Finance

How a New Rule Could Change the Way Advisers Handle Your Retirement Money

It seems like an issue everyone can agree on: Financial professionals should be required to handle our retirement money with the utmost care, putting investors’ interests first.

But that type of care comes in degrees, and deciding exactly how far advisers should go has been the center of heated debate for nearly 15 years, pitting financial industry stakeholders, who argue their existing regulatory framework is enough, against the U.S. Labor Department, the retirement plan regulator, which says there are gaping holes.

The issue has re-emerged as the department prepares to release a final rule that would require more financial professionals to act as fiduciaries — that is, they’d be held to the highest standard, across the investment landscape, when providing advice on retirement money held or destined for tax-advantaged accounts, like individual retirement accounts.

Most retirement plan administrators who oversee the trillions of dollars held in 401(k) plans are already held to this standard, part of a 1974 law known as ERISA, which was established to oversee private pension plans before 401(k)s existed. But it doesn’t generally apply, for example, when workers roll over their pile of money into an I.R.A. when they leave a job or retire from the work force. Nearly 5.7 million people rolled $620 billion into I.R.A.s in 2020, according to the latest Internal Revenue Service data.

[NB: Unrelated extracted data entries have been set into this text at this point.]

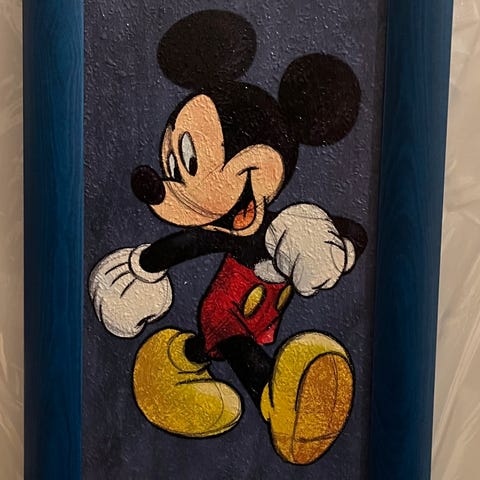 Disney Mickey Mouse og Donald Duck veggkunst sett med to rammer. Hver ramme har et bilde av henholdsvis Mickey Mouse og Donald Duck i fargerike detaljer. Passer for dekorasjon i barnerom eller andre rom som ønsker et Disney-tema.
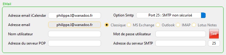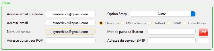 2/ Renseignez votre adresse Gmail sur les champs "Adresse email iCalendar", "Adresse email" et "Nom d'utilisateur".
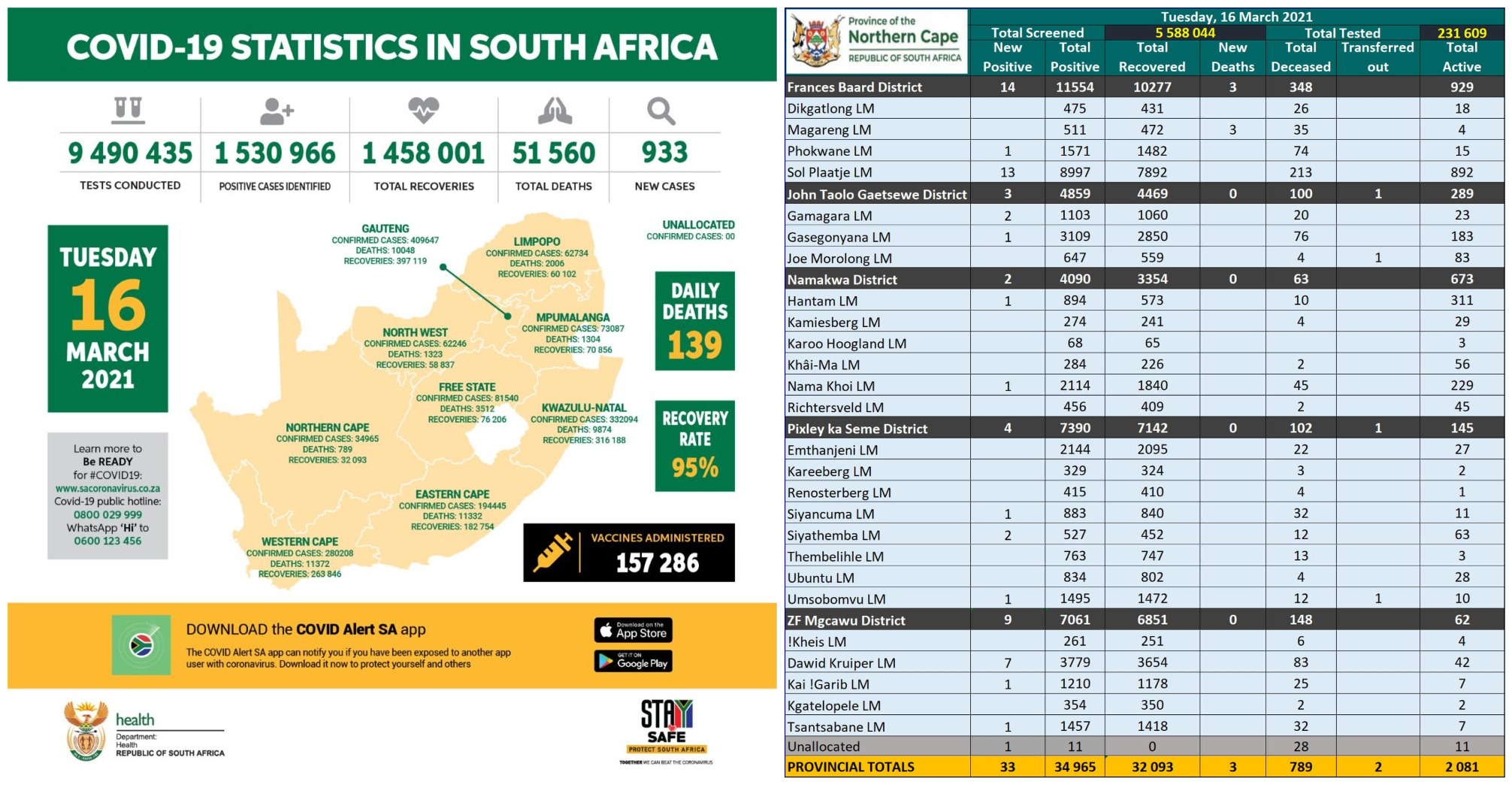 NORTHERN CAPE COVID-19 STATISTICS AS AT 16 MARCH 2021
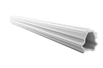 White plastic extrusion profile, industrial design, 3D render, isolated background, manufacturing
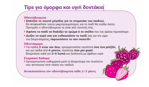 Και μην ξεχνάτε! Η σωστή, καθημερινή στοματική υγιεινή με οδοντόκρεμα και στοματικό διάλυμα που περιέχουν φθόριο, μια δίαιτα χαμηλή σε σάκχαρα και τακτικές επισκέψεις στον Οδοντίατρο δύο φορές τον χρόνο προλαμβάνουν την τερηδόνα και εξασφαλίζουν γερά δόντια. Η καλύτερη λοιπόν στοματική υγιεινή για τα πιο όμορφα δοντάκια!

The Biden administration’s final regulation, which will be released this spring, is expected to change that and patch other gaps: Investment professionals selling retirement plans and recommending investment menus to businesses would also be held to its fiduciary standard, as would professionals selling annuities inside retirement accounts.

“It shouldn’t matter whether you’re getting advice on an annuity, any kind of annuity, a security — if it’s advice about your retirement, that should have a high standard that applies across the board,” said Ali Khawar, the Labor Department’s principal deputy assistant secretary of the Employee Benefits Security Administration.